Write a function that, given the URL of a Python package, will return you a dictionary with the following package information:
- Author
- Release (upload) Date
- License
- Home Page

(Note the possibility that not all of these fields will be present on all packages, and write your function accordingly)

In [None]:
def pypi_parser(pypi_url):
    pass

pypi_parser('https://pypi.python.org/pypi/beautifulsoup4/4.5.1')
pypi_parser('https://pypi.python.org/pypi/SQLAlchemy/1.1.0')

## Challenge 3: IMDB Cast Data
Write a function that, given the URL of a movie on IMDB will return you a list of the cast of the movie with the following information:
- Actor name
- Character name
- Actor birthday

Example:
```
>>> imdb_cast('http://www.imdb.com/title/tt0796366/')
[
  {'actor': 'Chris Pine',
  'character': 'Kirk',
  'birthday': 'August 26, 1980'
  }
  ...
]
```


In [None]:
def imdb_cast(movie_url):
    pass
imdb_cast('http://www.imdb.com/title/tt0796366/')
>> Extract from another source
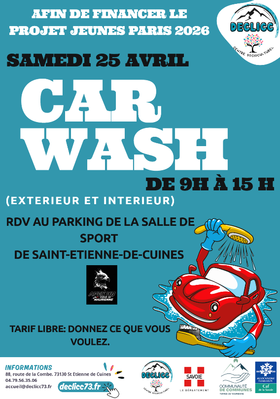 L’association DECLICC et les jeunes du projet « Séjour à Paris » organisent un Car wash à prix libre afin de financer leur projet. Ils laveront l’extérieur et l’intérieur de votre voiture et seront situés devant la salle de sport de Saint-Etienne-de-Cuines (Apex HQ cœur de Maurienne) proches des stations service.

<h2><center>That's it!</center></h2>
![nice_job](http://i.giphy.com/eoxomXXVL2S0E.gif)


### Bonus Points:
1. For problem 1, write another function that uses the output of your function to plot the # of comments against the score of the post. Also, include a linear trend line. (Hint: `numpy.polyfit`)
2. For problem 2, include an array of all the published versions of the package in your return dictionary.

*Important:* When you send us your solutions, let us know which (if any)
of the bonus problems you've attempted.